About this task
Transcribe every line below exactly; no image goes into the output.

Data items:
----------
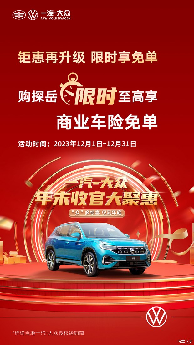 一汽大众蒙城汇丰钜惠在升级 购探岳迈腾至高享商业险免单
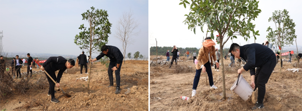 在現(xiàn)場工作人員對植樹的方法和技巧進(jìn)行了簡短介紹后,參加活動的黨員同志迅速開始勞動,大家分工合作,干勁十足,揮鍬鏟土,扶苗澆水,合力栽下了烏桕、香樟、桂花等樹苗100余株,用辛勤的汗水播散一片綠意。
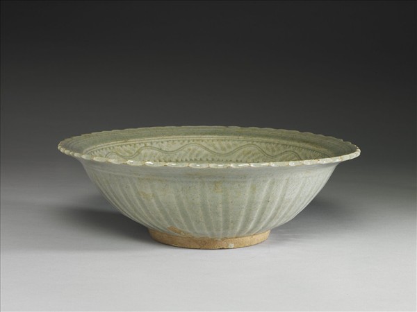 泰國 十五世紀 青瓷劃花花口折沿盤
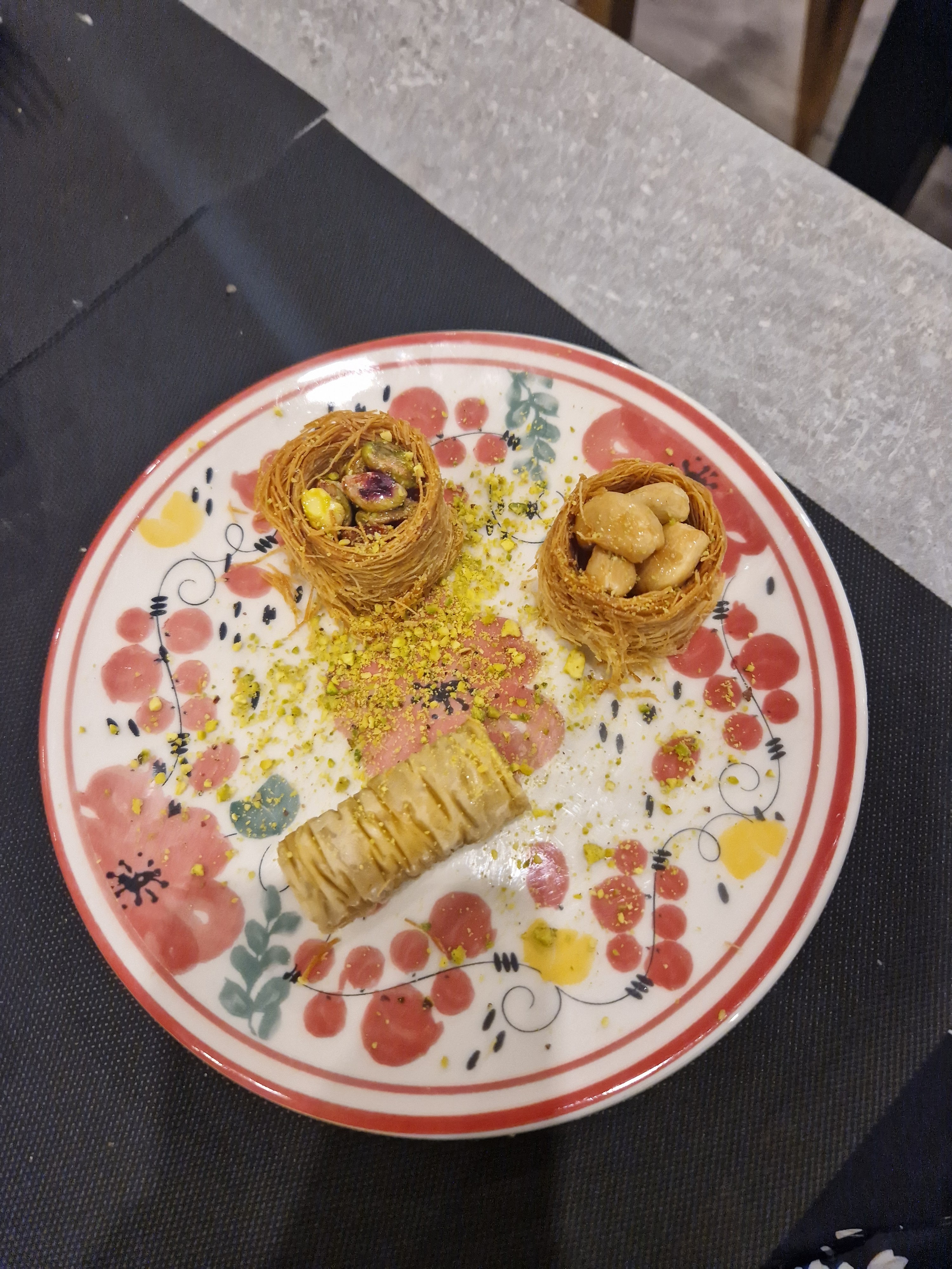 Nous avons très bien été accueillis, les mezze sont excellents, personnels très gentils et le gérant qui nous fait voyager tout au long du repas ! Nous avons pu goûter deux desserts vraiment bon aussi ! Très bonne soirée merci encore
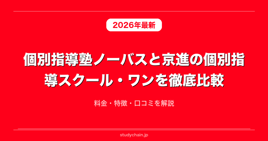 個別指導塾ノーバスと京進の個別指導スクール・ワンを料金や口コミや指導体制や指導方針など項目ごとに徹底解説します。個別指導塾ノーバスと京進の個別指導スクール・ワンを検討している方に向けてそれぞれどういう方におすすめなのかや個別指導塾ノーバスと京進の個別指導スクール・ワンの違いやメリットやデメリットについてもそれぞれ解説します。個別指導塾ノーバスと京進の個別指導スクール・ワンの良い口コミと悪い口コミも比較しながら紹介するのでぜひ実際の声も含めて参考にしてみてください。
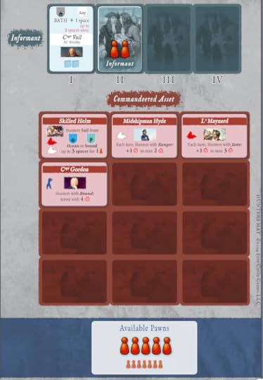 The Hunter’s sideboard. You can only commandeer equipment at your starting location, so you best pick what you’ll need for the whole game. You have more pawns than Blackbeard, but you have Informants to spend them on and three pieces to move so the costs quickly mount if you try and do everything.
----------
Exercise response
 一汽大众蒙城汇丰钜惠在升级 购探岳迈腾至高享商业险免单
 在現(xiàn)場工作人員對植樹的方法和技巧進(jìn)行了簡短介紹后,參加活動的黨員同志迅速開始勞動,大家分工合作,干勁十足,揮鍬鏟土,扶苗澆水,合力栽下了烏桕、香樟、桂花等樹苗100余株,用辛勤的汗水播散一片綠意。
 泰國 十五世紀 青瓷劃花花口折沿盤
 Nous avons très bien été accueillis, les mezze sont excellents, personnels très gentils et le gérant qui nous fait voyager tout au long du repas ! Nous avons pu goûter deux desserts vraiment bon aussi ! Très bonne soirée merci encore
 個別指導塾ノーバスと京進の個別指導スクール・ワンを料金や口コミや指導体制や指導方針など項目ごとに徹底解説します。個別指導塾ノーバスと京進の個別指導スクール・ワンを検討している方に向けてそれぞれどういう方におすすめなのかや個別指導塾ノーバスと京進の個別指導スクール・ワンの違いやメリットやデメリットについてもそれぞれ解説します。個別指導塾ノーバスと京進の個別指導スクール・ワンの良い口コミと悪い口コミも比較しながら紹介するのでぜひ実際の声も含めて参考にしてみてください。
 The Hunter’s sideboard. You can only commandeer equipment at your starting location, so you best pick what you’ll need for the whole game. You have more pawns than Blackbeard, but you have Informants to spend them on and three pieces to move so the costs quickly mount if you try and do everything.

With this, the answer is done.